Word for word, restate the lines of the data below between those holding "peyzaj, 29,5x23 cm..." and "Wi-Fi интернет, новият", inclusive; pictures do not belong in the copy.

### RECORDS FOR THE EXERCISE
:::::
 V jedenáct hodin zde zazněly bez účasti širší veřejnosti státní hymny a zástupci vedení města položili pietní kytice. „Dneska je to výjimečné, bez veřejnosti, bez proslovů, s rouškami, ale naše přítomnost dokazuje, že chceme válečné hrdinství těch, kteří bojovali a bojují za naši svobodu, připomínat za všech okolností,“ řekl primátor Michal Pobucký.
:::::
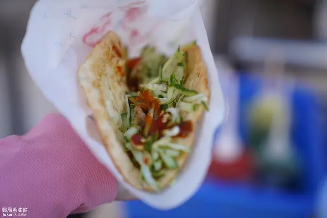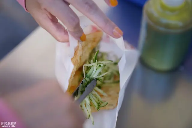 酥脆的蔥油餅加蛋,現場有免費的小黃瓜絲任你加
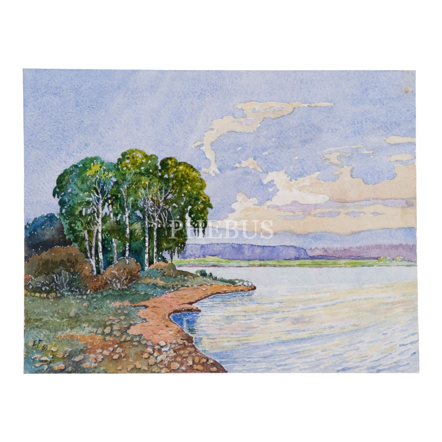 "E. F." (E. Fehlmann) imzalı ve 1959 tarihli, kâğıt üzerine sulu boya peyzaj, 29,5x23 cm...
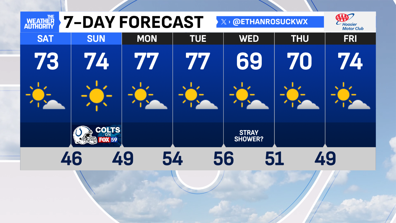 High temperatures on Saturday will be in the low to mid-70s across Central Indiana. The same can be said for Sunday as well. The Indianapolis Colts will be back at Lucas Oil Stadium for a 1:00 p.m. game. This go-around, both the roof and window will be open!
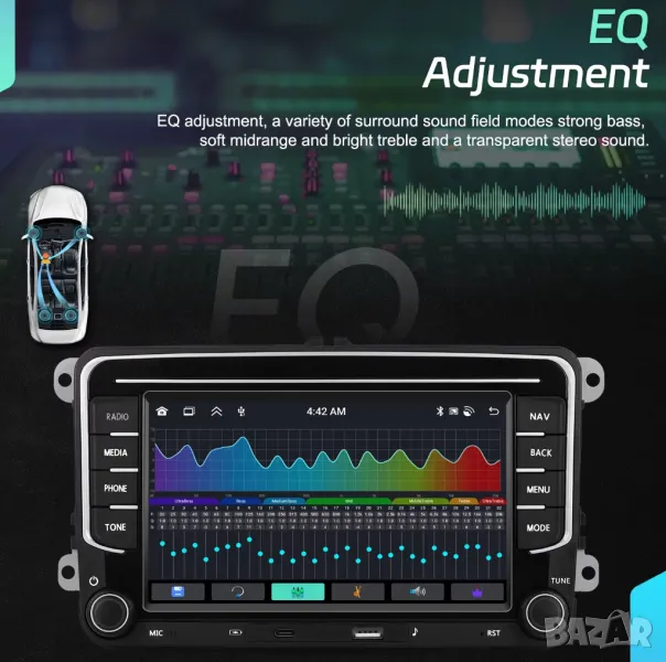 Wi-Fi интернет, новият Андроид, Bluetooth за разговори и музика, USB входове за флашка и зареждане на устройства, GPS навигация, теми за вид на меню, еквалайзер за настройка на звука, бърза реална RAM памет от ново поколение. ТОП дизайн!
:::::
### ANSWER SECTION
 "E. F." (E. Fehlmann) imzalı ve 1959 tarihli, kâğıt üzerine sulu boya peyzaj, 29,5x23 cm...
 High temperatures on Saturday will be in the low to mid-70s across Central Indiana. The same can be said for Sunday as well. The Indianapolis Colts will be back at Lucas Oil Stadium for a 1:00 p.m. game. This go-around, both the roof and window will be open!
 Wi-Fi интернет, новият Андроид, Bluetooth за разговори и музика, USB входове за флашка и зареждане на устройства, GPS навигация, теми за вид на меню, еквалайзер за настройка на звука, бърза реална RAM памет от ново поколение. ТОП дизайн!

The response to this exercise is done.